▸ **Try it**: Directions for the data below: repeat exactly the lines from the one with "日本錢幣4枚一組,包括半錢,一百文,天保" through the one with "ReCLIPS er en", both included, and omit all pictures.

▸ **Extracted data**:
== Segment start ==

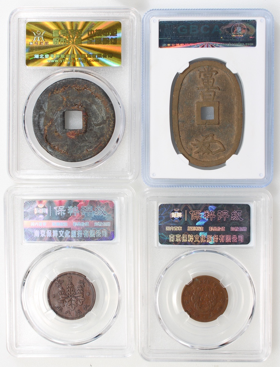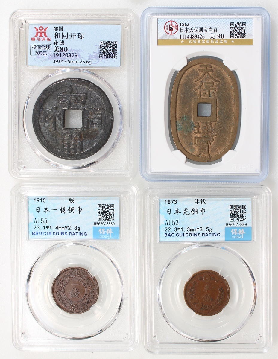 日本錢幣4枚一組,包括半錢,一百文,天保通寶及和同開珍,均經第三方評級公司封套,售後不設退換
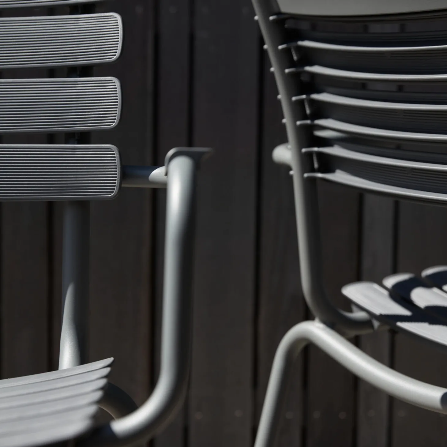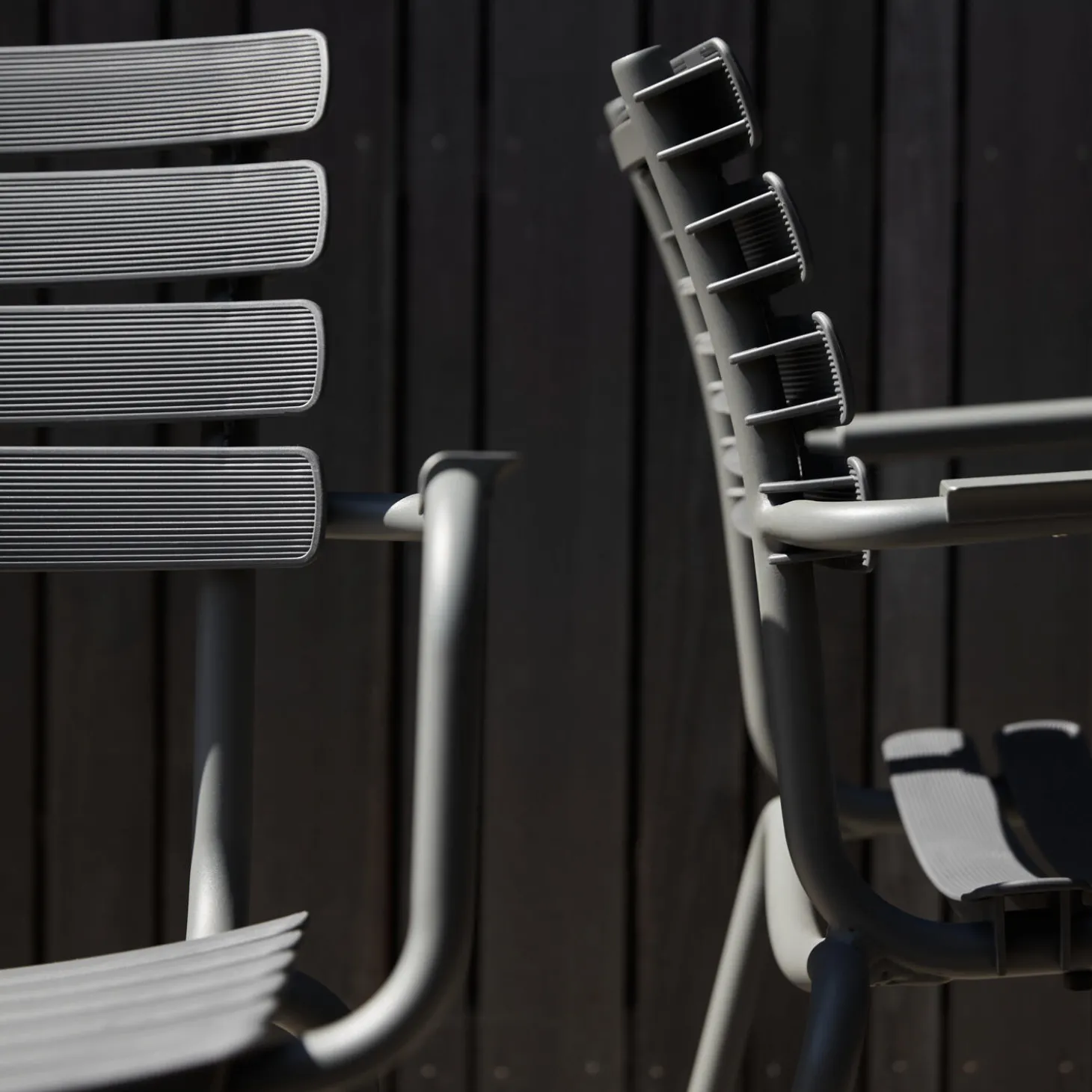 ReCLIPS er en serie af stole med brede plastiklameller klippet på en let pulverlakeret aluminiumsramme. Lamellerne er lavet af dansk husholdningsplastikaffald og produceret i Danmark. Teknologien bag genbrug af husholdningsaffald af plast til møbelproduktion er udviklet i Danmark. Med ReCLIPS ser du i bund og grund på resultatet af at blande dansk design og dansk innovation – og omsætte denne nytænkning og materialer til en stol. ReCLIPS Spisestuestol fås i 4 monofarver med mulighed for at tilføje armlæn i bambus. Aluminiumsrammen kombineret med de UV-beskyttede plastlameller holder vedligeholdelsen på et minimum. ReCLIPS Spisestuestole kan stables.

== Segment end ==
== Segment start ==

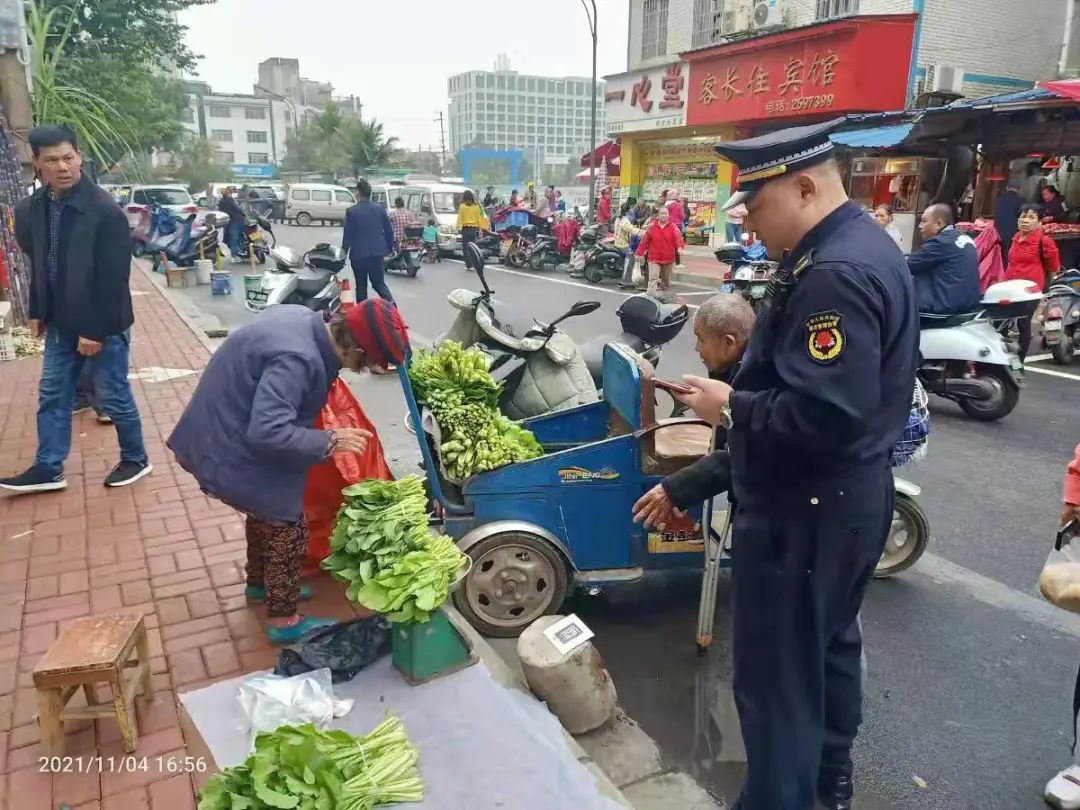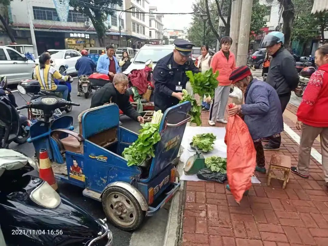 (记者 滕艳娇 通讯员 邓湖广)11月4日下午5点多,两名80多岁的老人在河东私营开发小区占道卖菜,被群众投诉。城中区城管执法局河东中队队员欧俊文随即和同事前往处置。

== Segment end ==

▸ **Final answer**:
 日本錢幣4枚一組,包括半錢,一百文,天保通寶及和同開珍,均經第三方評級公司封套,售後不設退換
 ReCLIPS er en serie af stole med brede plastiklameller klippet på en let pulverlakeret aluminiumsramme. Lamellerne er lavet af dansk husholdningsplastikaffald og produceret i Danmark. Teknologien bag genbrug af husholdningsaffald af plast til møbelproduktion er udviklet i Danmark. Med ReCLIPS ser du i bund og grund på resultatet af at blande dansk design og dansk innovation – og omsætte denne nytænkning og materialer til en stol. ReCLIPS Spisestuestol fås i 4 monofarver med mulighed for at tilføje armlæn i bambus. Aluminiumsrammen kombineret med de UV-beskyttede plastlameller holder vedligeholdelsen på et minimum. ReCLIPS Spisestuestole kan stables.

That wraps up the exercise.